* TASK OBJECTIVE
Here the job is to repeat the listing exactly, but not the pictures in it.

* MATERIAL FOR THIS EXERCISE
------------------------------------------------------------

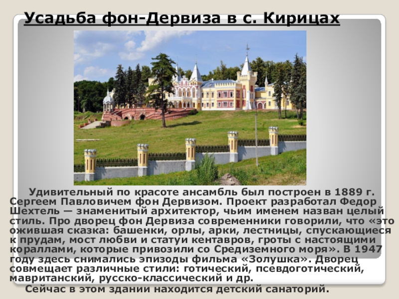 по красоте ансамбль был построен в 1889 г. Сергеем Павловичем фон Дервизом. Проект разработал Федор Шехтель — знаменитый архитектор, чьим именем назван целый стиль. Про дворец фон Дервиза современники говорили, что «это ожившая сказка: башенки, орлы, арки, лестницы, спускающиеся к прудам, мост любви и статуи кентавров, гроты с настоящими кораллами, которые привозили со Средиземного моря». В 1947 году здесь снимались эпизоды фильма «Золушка». Дворец совмещает различные стили: готический, псевдоготический, мавританский, русско-классический и др.
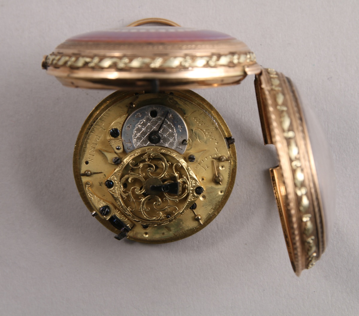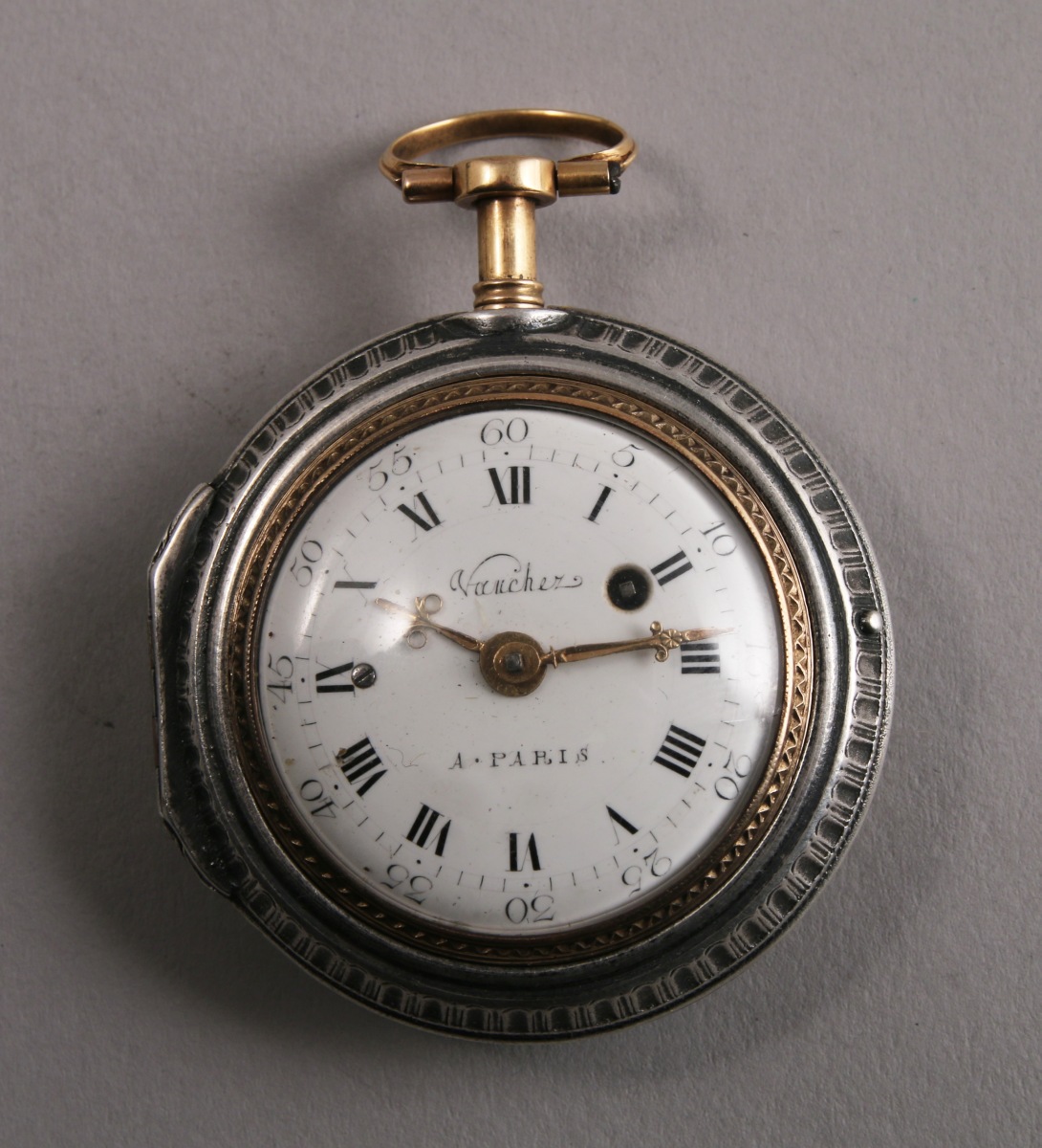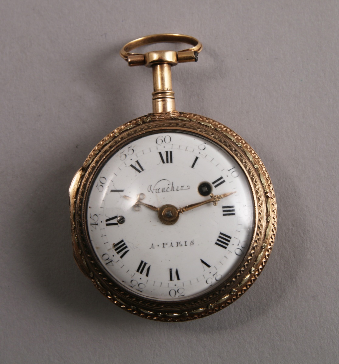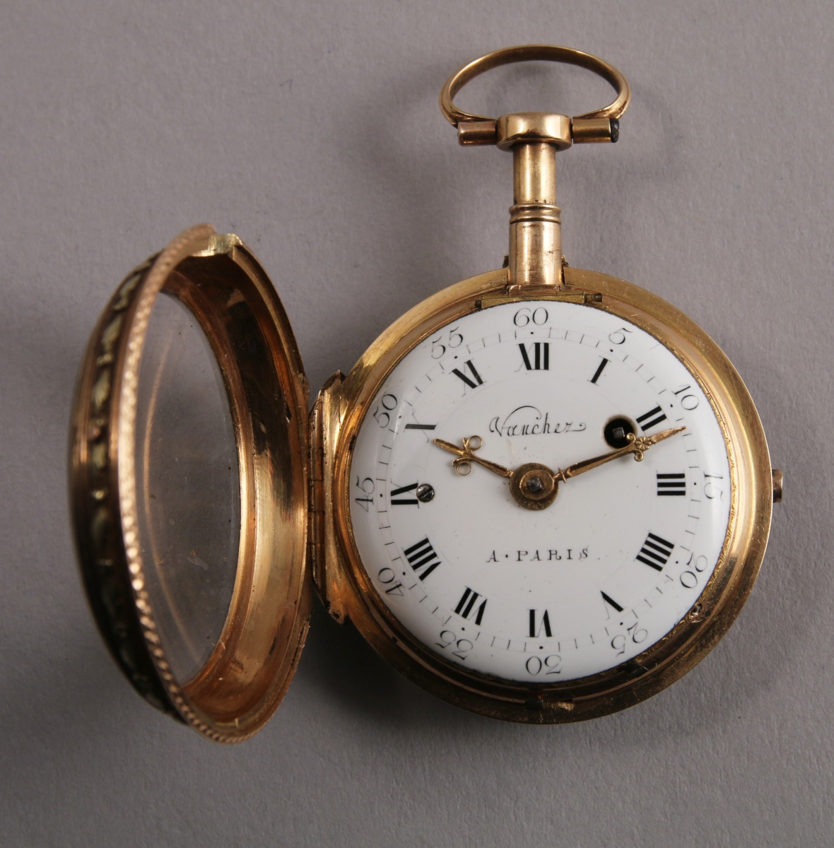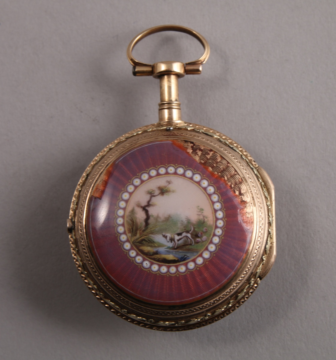 MONTRE À COQ en or de deux tons À SONNERIE À LA DEMANDE, heures et quarts, deux marteaux. La tranche ciselée de frises ondées et frises feuillagées. Le dos du boîtier émaillé translucide d'une miniature figurant un chien au bord d'un ruisseau dans un encadrement d'émail guilloché (manques). Cadran émaillé blanc à chemin de fer indiquant les heures en chiffres romains et les minutes en chiffres arabes signé "Vaucher à Paris". Le coq ciselé de rinceaux. Mouvement signé. Cerclage de protection en argent.
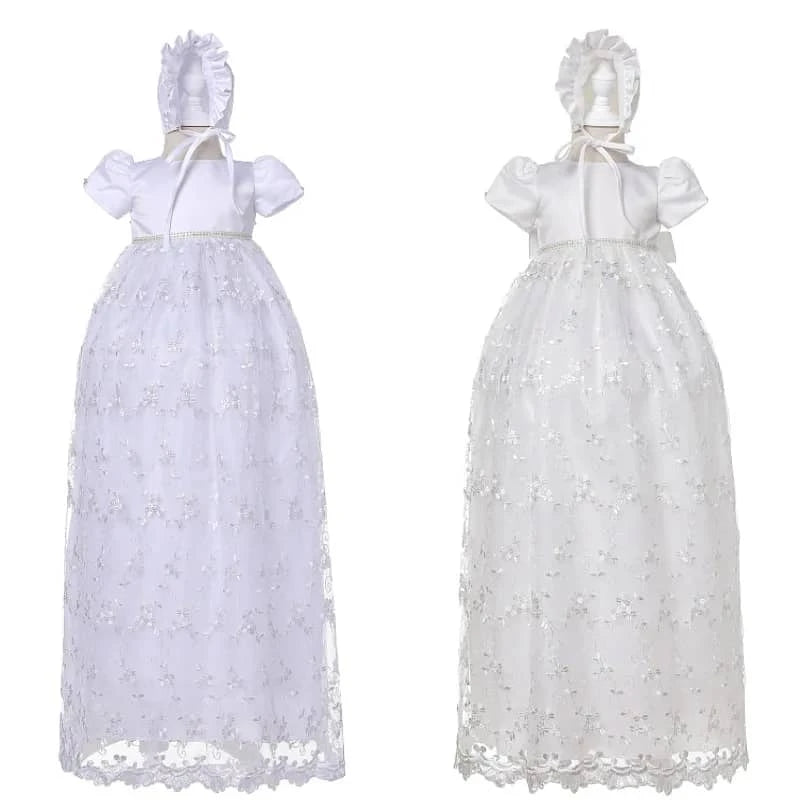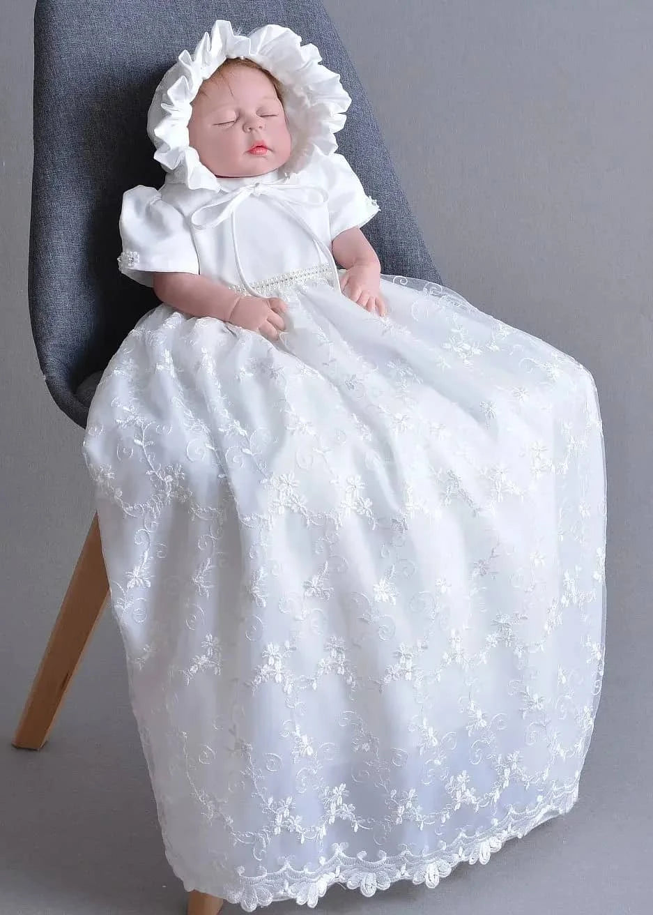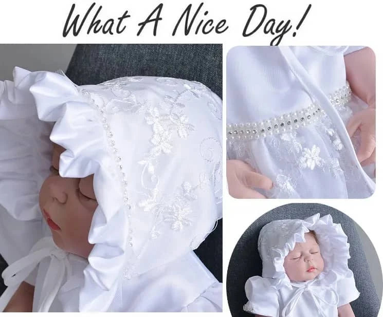 Give your baby's special day an unforgettable touch with this hand-embroidered christening dress set. Each dress is carefully crafted with delicate lace and premium fabric. The unique lacework creates a beautiful look that stands out in photos and family gatherings. Your little one will feel comfortable and look radiant from the ceremony to the celebration.
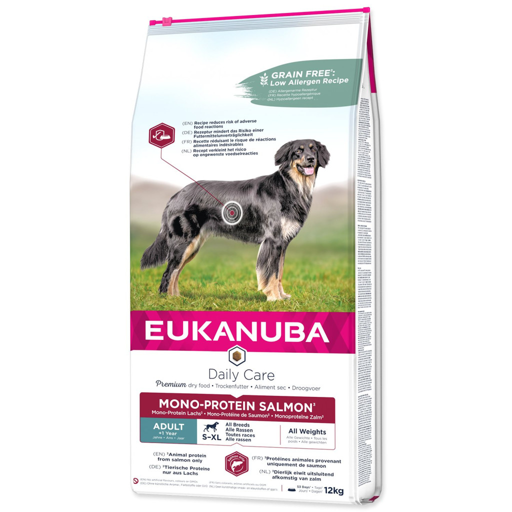 Dotaz na produkt Na splátky ještě dnesSuché krmivo EUKANUBA Daily Care pro dospělé psy – monoprotein, losos je receptura s jediným zdrojem živočišných bílkovin. Všechny živočišné složky v této jednodruhové stravě jsou pouze z lososa, aby se snížilo riziko nežádoucích reakcí na krmivo a podpořily se štíhlé svaly.
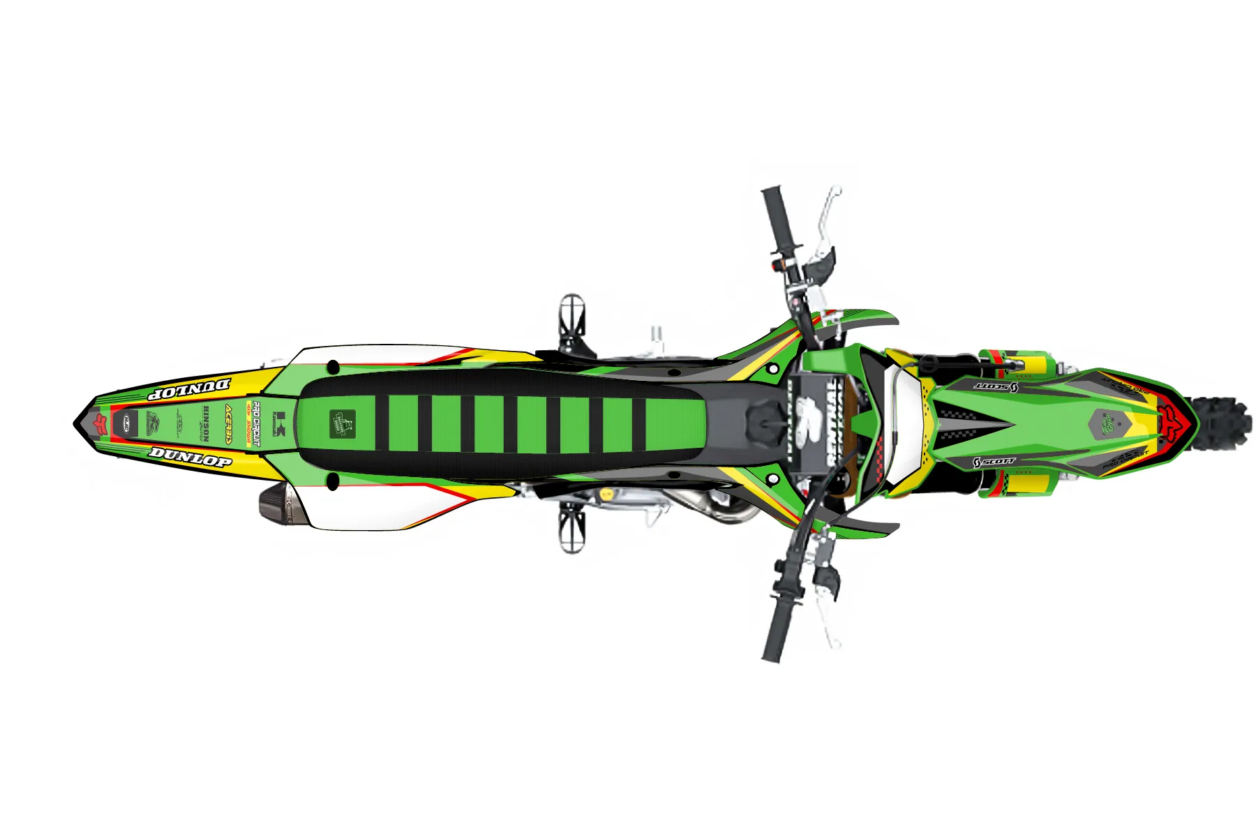 «Scott Huffman Final» — готовый комплект графики серии Staple для Kawasaki MX Graphic Kit Kawasaki KX 450 SR 2023. В комплекте: графика на бак и боковые облицовки, крылья (переднее и заднее), передний щиток, номерные таблички, защита вилки. Материал: ПВХ-винил 80 мкр с холодной ламинацией 300 мкр, общая толщина 380 мкр; покрытие глянцевое или матовое на выбор. Устойчив к UV-излучению, воде, бензину и мойке высокого давления. Клей акриловый на сольвентной основе — постоянный, для гибких пластиков. На простых поверхностях монтируется без нагрева; для сложных изгибов рекомендуем фен. Этот пресет можно заказать как есть или взять за основу в конструкторе: поменять цвета, добавить стартовый номер и свой бренд. Производство — 3–5 рабочих дней, доставка по России СДЭКом или Почтой, по СНГ — курьерскими службами.

------------------------------------------------------------

* FINAL ANSWER
 по красоте ансамбль был построен в 1889 г. Сергеем Павловичем фон Дервизом. Проект разработал Федор Шехтель — знаменитый архитектор, чьим именем назван целый стиль. Про дворец фон Дервиза современники говорили, что «это ожившая сказка: башенки, орлы, арки, лестницы, спускающиеся к прудам, мост любви и статуи кентавров, гроты с настоящими кораллами, которые привозили со Средиземного моря». В 1947 году здесь снимались эпизоды фильма «Золушка». Дворец совмещает различные стили: готический, псевдоготический, мавританский, русско-классический и др.
 MONTRE À COQ en or de deux tons À SONNERIE À LA DEMANDE, heures et quarts, deux marteaux. La tranche ciselée de frises ondées et frises feuillagées. Le dos du boîtier émaillé translucide d'une miniature figurant un chien au bord d'un ruisseau dans un encadrement d'émail guilloché (manques). Cadran émaillé blanc à chemin de fer indiquant les heures en chiffres romains et les minutes en chiffres arabes signé "Vaucher à Paris". Le coq ciselé de rinceaux. Mouvement signé. Cerclage de protection en argent.
 Give your baby's special day an unforgettable touch with this hand-embroidered christening dress set. Each dress is carefully crafted with delicate lace and premium fabric. The unique lacework creates a beautiful look that stands out in photos and family gatherings. Your little one will feel comfortable and look radiant from the ceremony to the celebration.
 Dotaz na produkt Na splátky ještě dnesSuché krmivo EUKANUBA Daily Care pro dospělé psy – monoprotein, losos je receptura s jediným zdrojem živočišných bílkovin. Všechny živočišné složky v této jednodruhové stravě jsou pouze z lososa, aby se snížilo riziko nežádoucích reakcí na krmivo a podpořily se štíhlé svaly.
 «Scott Huffman Final» — готовый комплект графики серии Staple для Kawasaki MX Graphic Kit Kawasaki KX 450 SR 2023. В комплекте: графика на бак и боковые облицовки, крылья (переднее и заднее), передний щиток, номерные таблички, защита вилки. Материал: ПВХ-винил 80 мкр с холодной ламинацией 300 мкр, общая толщина 380 мкр; покрытие глянцевое или матовое на выбор. Устойчив к UV-излучению, воде, бензину и мойке высокого давления. Клей акриловый на сольвентной основе — постоянный, для гибких пластиков. На простых поверхностях монтируется без нагрева; для сложных изгибов рекомендуем фен. Этот пресет можно заказать как есть или взять за основу в конструкторе: поменять цвета, добавить стартовый номер и свой бренд. Производство — 3–5 рабочих дней, доставка по России СДЭКом или Почтой, по СНГ — курьерскими службами.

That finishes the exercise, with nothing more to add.